Federal Reserve members have acknowledged the shortcomings of the tools available to them to have a real impact on inflationary pressures. Simply raising interest rates to lower demand will not address the primary underlining issues that have led to inflation at a 40-year high. The primary causes of current inflation are supply chain bottlenecks and excessive fiscal spending by the U.S. federal government.
A major proponent of this view is Greenlight Capital founder David Einhorn. In a speech at the 2022 all-virtual Sohn Investment Conference Einhorn presented his views in which he warned that inflation would most likely continue to be persistent and hot. He also stated that the actions of the Federal Reserve to lessen consumer demand by raising interest rates will aggravate the situation rather than combat it.

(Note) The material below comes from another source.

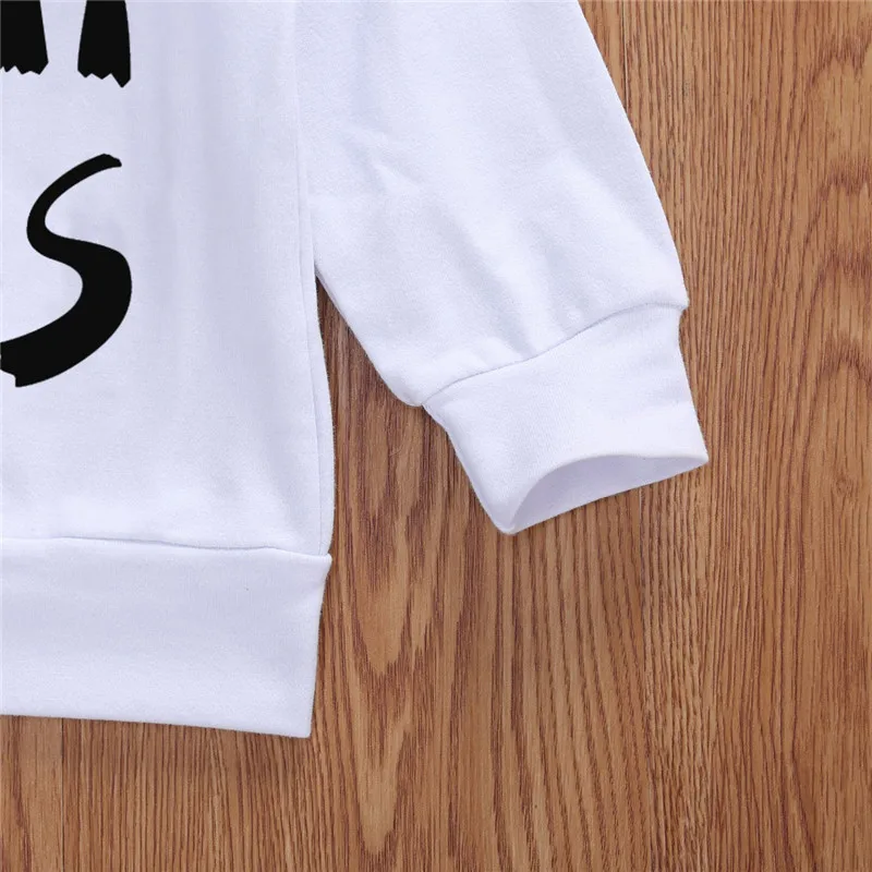 Повседневный свитер для маленьких мальчиков и девочек, хлопковый базовый пуловер с длинными рукавами и круглым вырезом, с принтом в виде букв, с Подшитым подолом и манжетами для весны и осени
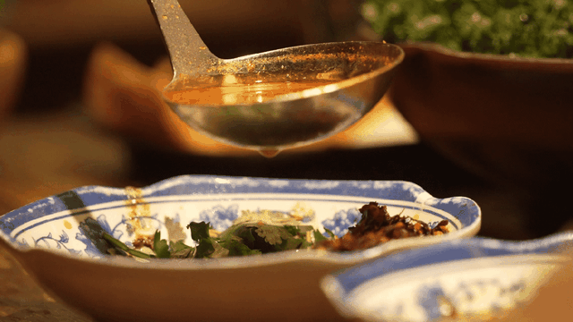 快来学学贵州人亲传的专业吃法!黄牛肉涮烫后夹着薄荷叶,裹上贵州地道蘸水,微辣肉香中带着薄荷清香,越嚼越上头,这一口下去,直接香迷糊了。

According to Reuters, "David Einhorn said on Thursday that the Federal Reserve is pretending it can tame inflation and that the price of gold is likely to go higher amid the current environment of rising prices."
In his speech, Einhorn said that the "Fed is bluffing and not fighting inflation" as a basic foundation for his belief that gold prices would move higher "amid the current environment of rising prices". The foundation for his assumption was that higher interest rates will also cause the national debt to increase making aggressive rate hikes unsustainable.
"The question is whether there's enough gold to back the currency reserves. The answer is for the price of gold to go higher, perhaps much higher."
The Federal Reserve is expected to announce another half a percent rate hike at next week's FOMC meeting. According to the CME's FedWatch tool, the probability that the Federal Reserve will raise rates by half a percent next week is 95.8% and the probability that this will be followed by another half a percent rate hike at the July FOMC meeting is 78.3%.
Tomorrow's CPI report is forecasted to show a large 0.7% increase, which would be a gain twice as large as April. In May the BLS reported that inflationary pressures decline slightly from 8.5% to 8.3% the first decline in eight months. This would take the CPI index from 8.3% to 8.4% clearly indicating that inflation continues to remain extremely high and persistent.
Gold traders and investors have maintained a wait-and-see attitude recently as they await tomorrow's report and next week's FOMC meeting. If tomorrow's CPI report shows that inflation continues to be persistent and recent action by the Federal Reserve has not stifled it that wait-and-see attitude towards gold could quickly change.
As of 6 PM EDT gold futures basis, the most active August 2022 contract is currently trading at $1850.70 down $5.80.